A verbatim repeat of the lines below is required, with the pictures removed.

» **GIVEN INFORMATION**
****************

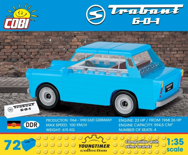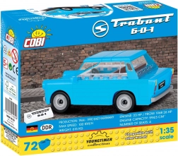 La Trabant 601 è tra le automobili più note dell’Europa dell’Est. Il set COBI in scala 1:35 riproduce con precisione le sue linee tipiche e consente piccole modifiche e personalizzazioni. Il modello fa un’ottima figura in vetrina e offre al contempo un montaggio divertente per bambini e adulti.
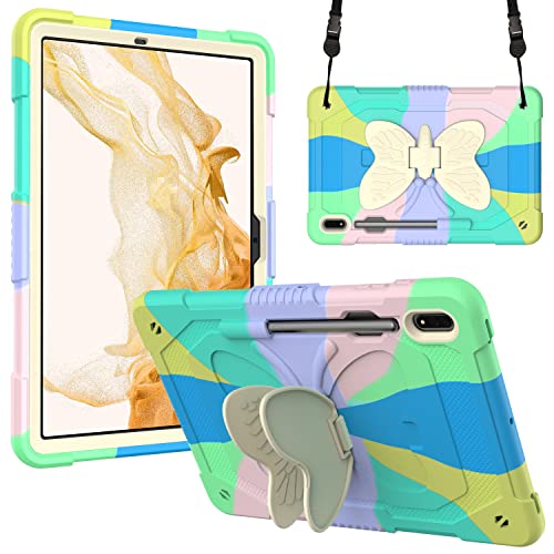 Case for Samsung Galaxy Tab S8 Plus/S7 FE/S7 Plus 12.4 Inch Butterfly Case for Kids with S-Pen Holder Shockproof Stand Cover with Shoulder Strap for Tab S8+ 2022 /S7 FE/S7 Plus Colourful Green
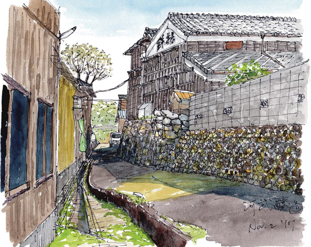 画家:加藤忠一画家コメント:酒銘のある蔵、売り物の石垣をモチーフにした。作画:2017年11月
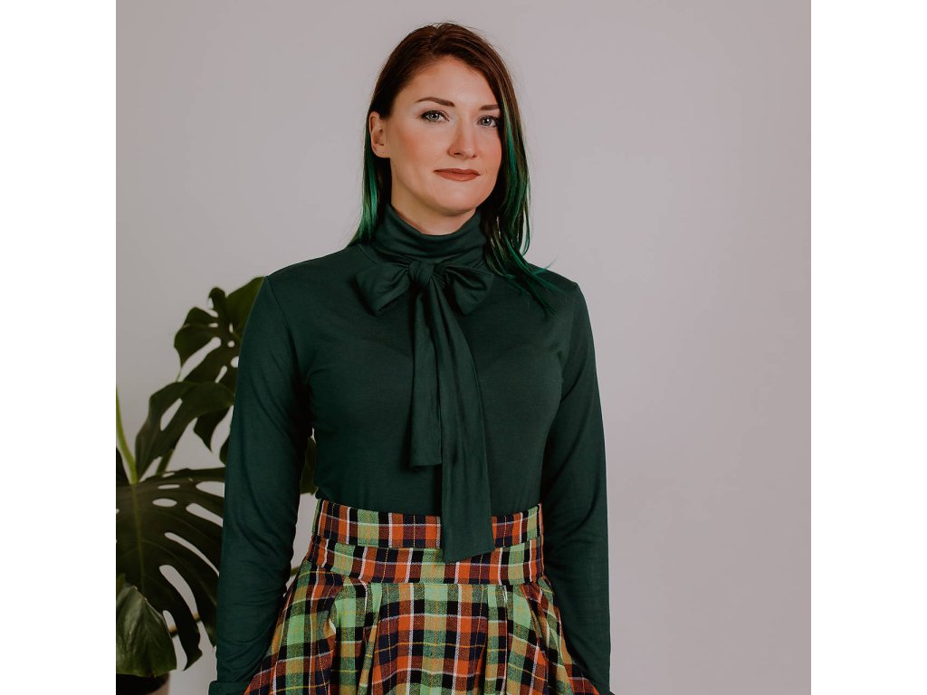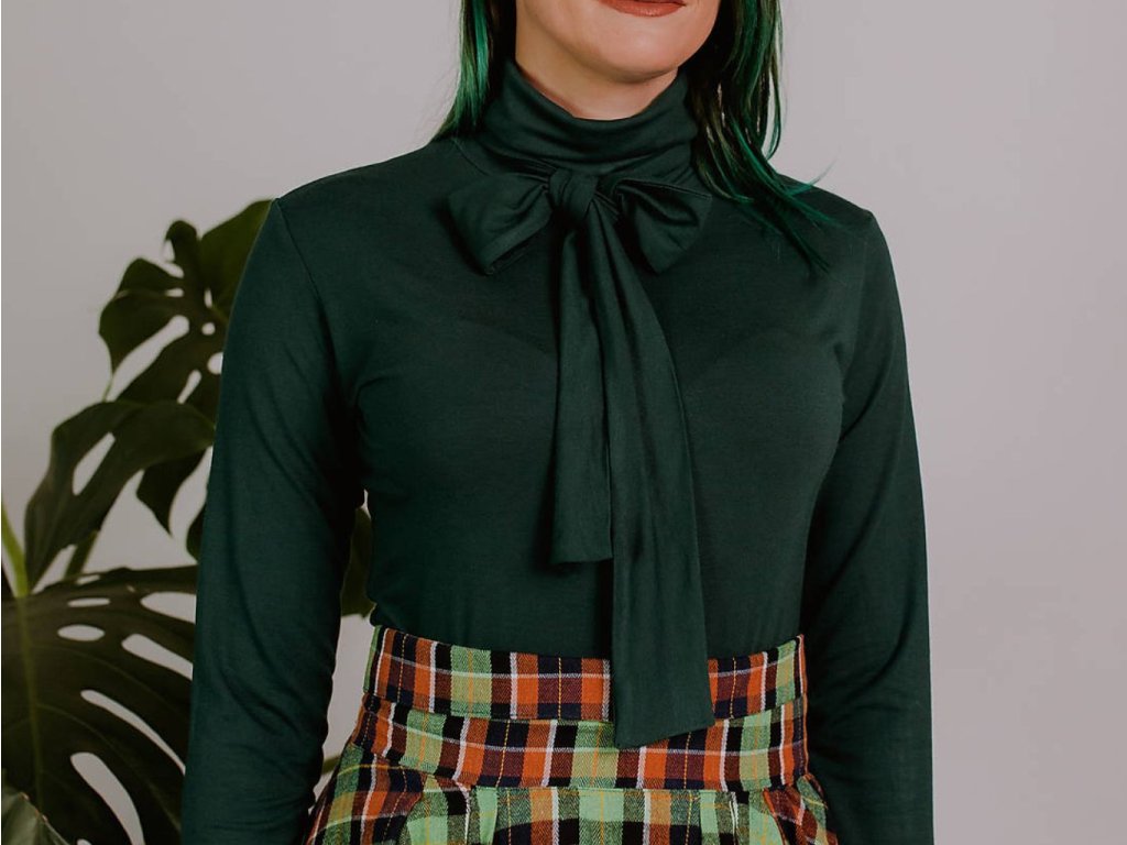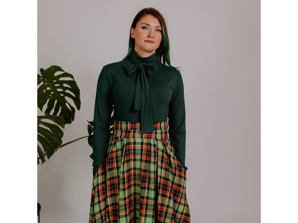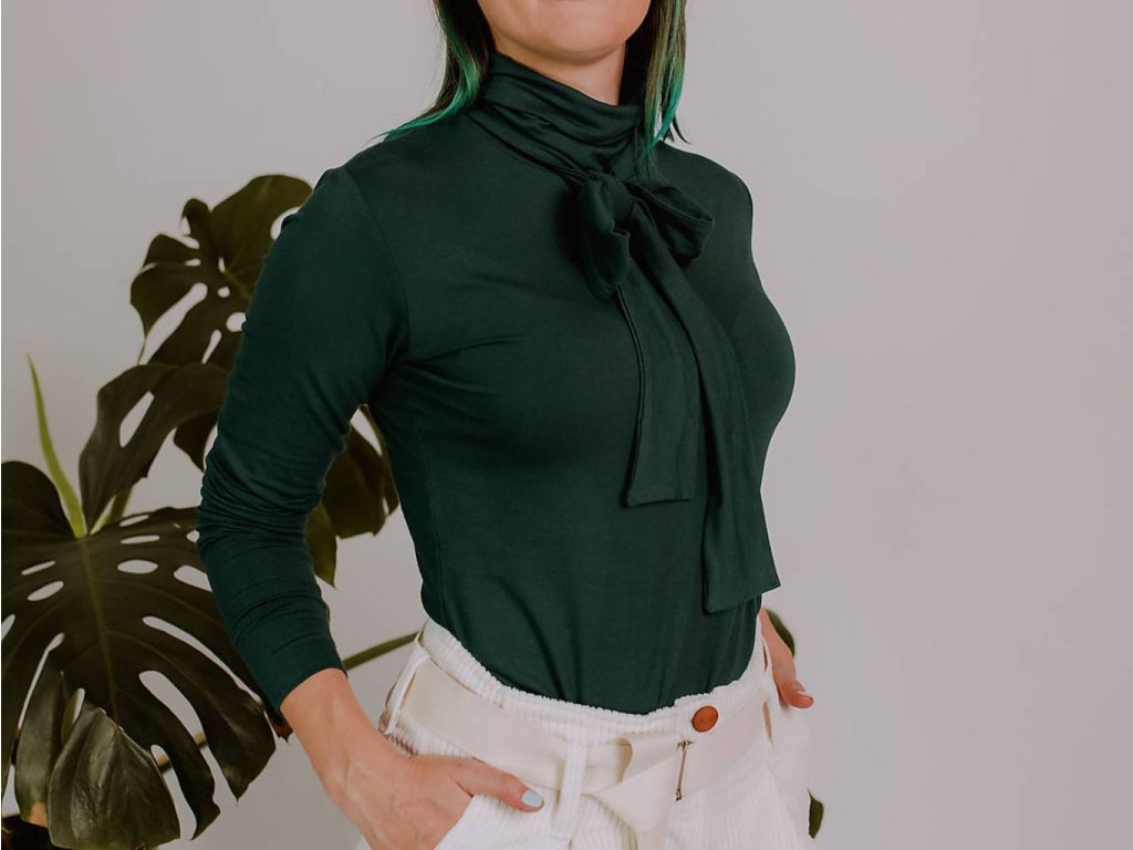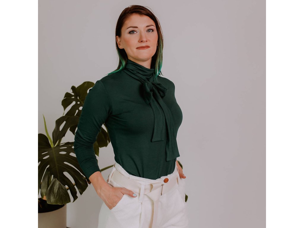 Tento dámsky elastický rolák, vyrobený na Slovensku, je dokonalým spojením pohodlia a elegancie. Jemný modalový úplet je mimoriadne príjemný na dotyk, priedušný a elastický, vďaka čomu je ideálny na každodenné nosenie. Má univerzálne ¾ rukávy a rolákový golier s ozdobnou viazačkou, ktorú môžete nosiť na viac spôsobov – ako mašľu, uzlík alebo voľne ako šál.

****************

» **RESULT OF THE EXERCISE**
 La Trabant 601 è tra le automobili più note dell’Europa dell’Est. Il set COBI in scala 1:35 riproduce con precisione le sue linee tipiche e consente piccole modifiche e personalizzazioni. Il modello fa un’ottima figura in vetrina e offre al contempo un montaggio divertente per bambini e adulti.
 Case for Samsung Galaxy Tab S8 Plus/S7 FE/S7 Plus 12.4 Inch Butterfly Case for Kids with S-Pen Holder Shockproof Stand Cover with Shoulder Strap for Tab S8+ 2022 /S7 FE/S7 Plus Colourful Green
 画家:加藤忠一画家コメント:酒銘のある蔵、売り物の石垣をモチーフにした。作画:2017年11月
 Tento dámsky elastický rolák, vyrobený na Slovensku, je dokonalým spojením pohodlia a elegancie. Jemný modalový úplet je mimoriadne príjemný na dotyk, priedušný a elastický, vďaka čomu je ideálny na každodenné nosenie. Má univerzálne ¾ rukávy a rolákový golier s ozdobnou viazačkou, ktorú môžete nosiť na viac spôsobov – ako mašľu, uzlík alebo voľne ako šál.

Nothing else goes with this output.